7 Kultum Singkat Acara Tahlilan tentang Kesabaran dan Doa, Lengkap Dalilnya

1 month ago 43

Liputan6.com, Jakarta - Tahlilan adalah potret Islam yang membumi di Indonesia. Tradisi tidak hanya berbicara tentang urusan akhirat (doa untuk mayit), tetapi juga urusan duniawi (menguatkan psikis keluarga dengan nilai kesabaran). Ada dua nilai sekaligus, memperkuat hubungan manusia dengan Tuhan (Hablum Minallah) dan hubungan antarmanusia (Hablum Minannas).

Merujuk pada studi Isna ‘Abidah dan Salim dalam Jurnal Tradisi Tahlilan: Menjaga Keseimbangan Sosial dan Mempertahankan Nilai Pendidikan Islam, tahlilan adalah medium pendidikan Islam yang efektif untuk mengajarkan ketahanan mental (kesabaran) dan solidaritas sosial melalui doa. Di antara yang bisa dimanfaatkan adalah dengan memanfaatkan tahlilan untuk berdakwah.

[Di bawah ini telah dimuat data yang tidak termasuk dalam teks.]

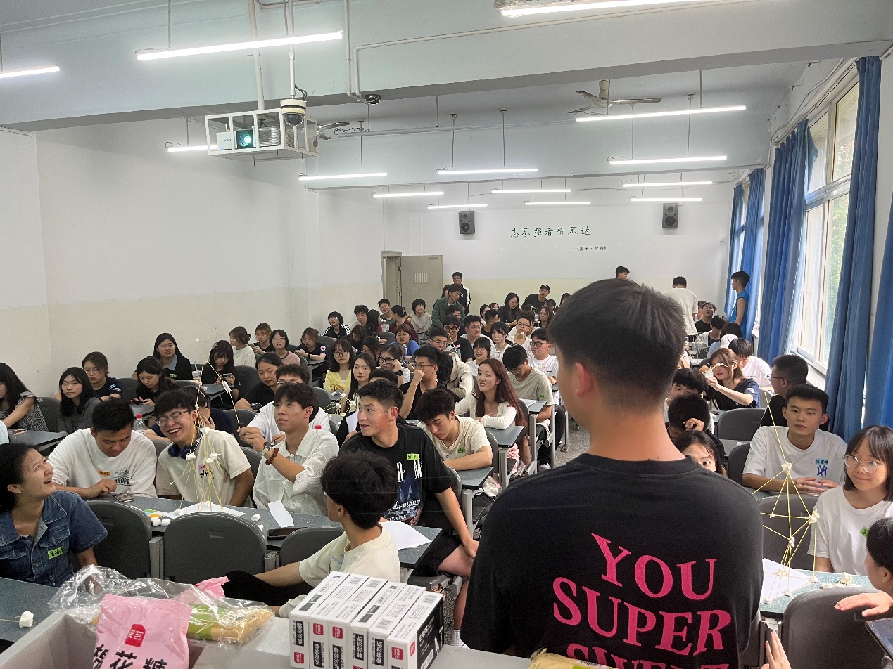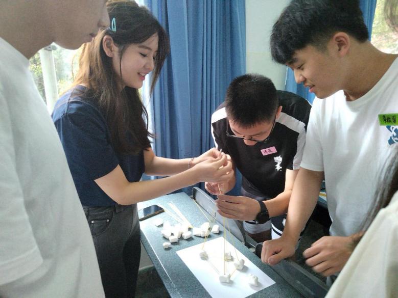 活动内容是同学们分小组使用棉花糖和意大利面进行搭建比赛,形状不限,搭建高度最高且最稳定的小组获胜。这是一项充满创意和需要团队协作的活动,同学们兴趣盎然,积极讨论,在“头脑风暴”中想出了一个个有趣的方案。各小组成员分工明确,“设计师”负责制定总体方案,“施工队”负责具体搭建,“材料员”负责准备原材料,忙得不亦乐乎。在搭建过程中,辅导员老师、大二学长学姐积极指导,各小组顺利完成了自己的独特作品。经过评比,最终第四组以最佳稳定性和72厘米的高度获得冠军。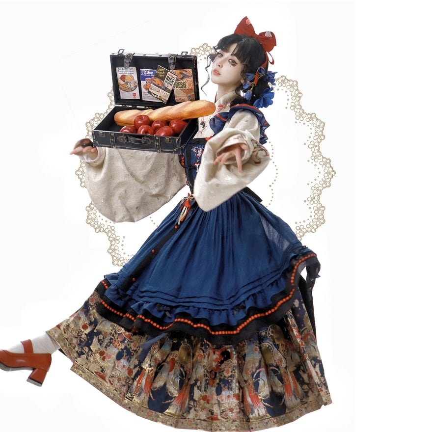 SEASONZ 中華ロリータ チャイナ風 ラップスカート プリーツスカート チャイナ服 中華ボタン 刺繍 バルーンスリーブ 着物風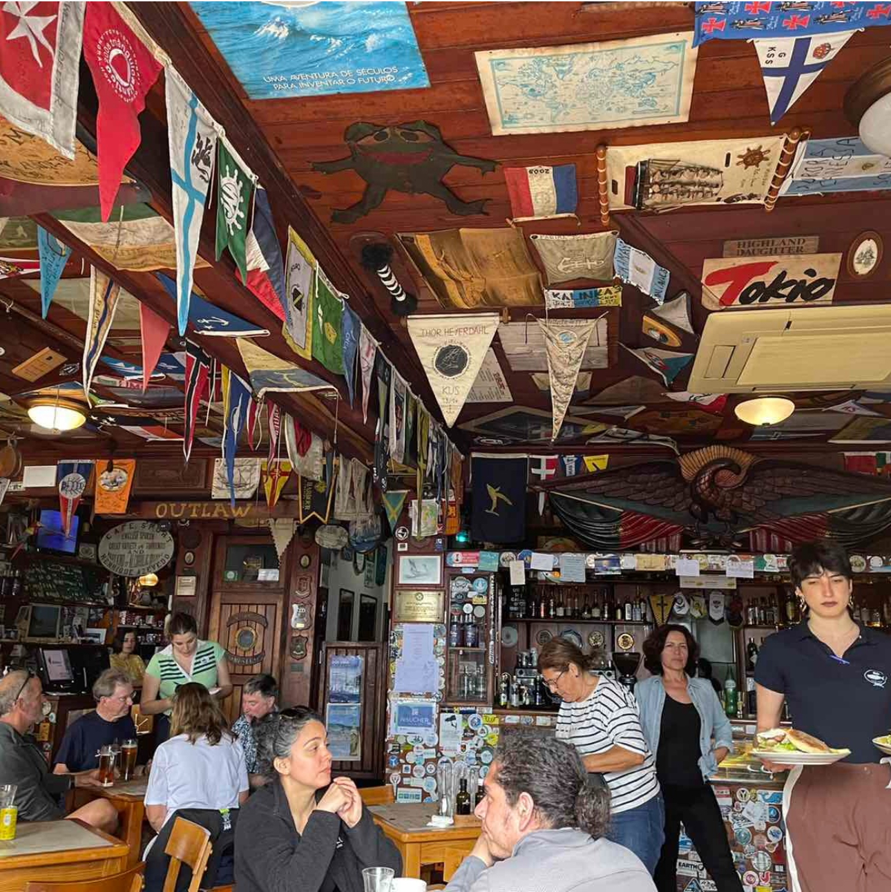 Заселяемся на яхту в Marina da Horta, знакомимся, закупаем провизию, наливаем первое за знакомство и идём ужинать в легендарный бар яхтсменов. Это место, где десятилетиями оставляют свои рисунки и надписи команды со всего мира. Кажется, будто ты вошёл в музей морских историй — и сегодня начинается твоя.

Imam Al-Ghazali dalam Ihya’ Ulumuddin, menjelaskan bahwa sabar adalah maqam (tingkatan) yang sangat penting karena merupakan separuh dari keimanan (ash-shabru nishful iman). Berikut ini adalah 7 contoh teks kultum singkat acara tahlilan tentang kesabaran dan doa.

1. Kultum Tahlilan: Sabar dan Shalat sebagai Penolong

Assalamu’alaikum Warahmatullahi Wabarakatuh.

Puji syukur kita panjatkan ke hadirat Allah SWT yang telah memberikan kita kesempatan untuk berkumpul di kediaman ahli bait dalam rangka mendoakan saudara kita yang telah berpulang.

Shalawat serta salam semoga senantiasa tercurah kepada junjungan kita Nabi Muhammad SAW, keluarga, sahabat, dan pengikutnya hingga akhir zaman.

Hadirin yang dimuliakan Allah, kehilangan orang tercinta adalah ujian berat, namun Islam mengajarkan kita untuk mencari kekuatan melalui dua pintu utama.

Allah SWT berfirman dalam Surah Al-Baqarah ayat 153:

يَٰٓأَيُّهَا ٱلَّذِينَ ءَامَنُوا۟ ٱسْتَعِينُوا۟ بِٱلصَّبْرِ وَٱلصَّلَوٰةِ ۚ إِنَّ ٱللَّهَ مَعَ ٱلصَّٰبِرِينَ

"Wahai orang-orang yang beriman, mohonlah pertolongan (kepada Allah) dengan sabar dan shalat. Sesungguhnya Allah beserta orang-orang yang sabar."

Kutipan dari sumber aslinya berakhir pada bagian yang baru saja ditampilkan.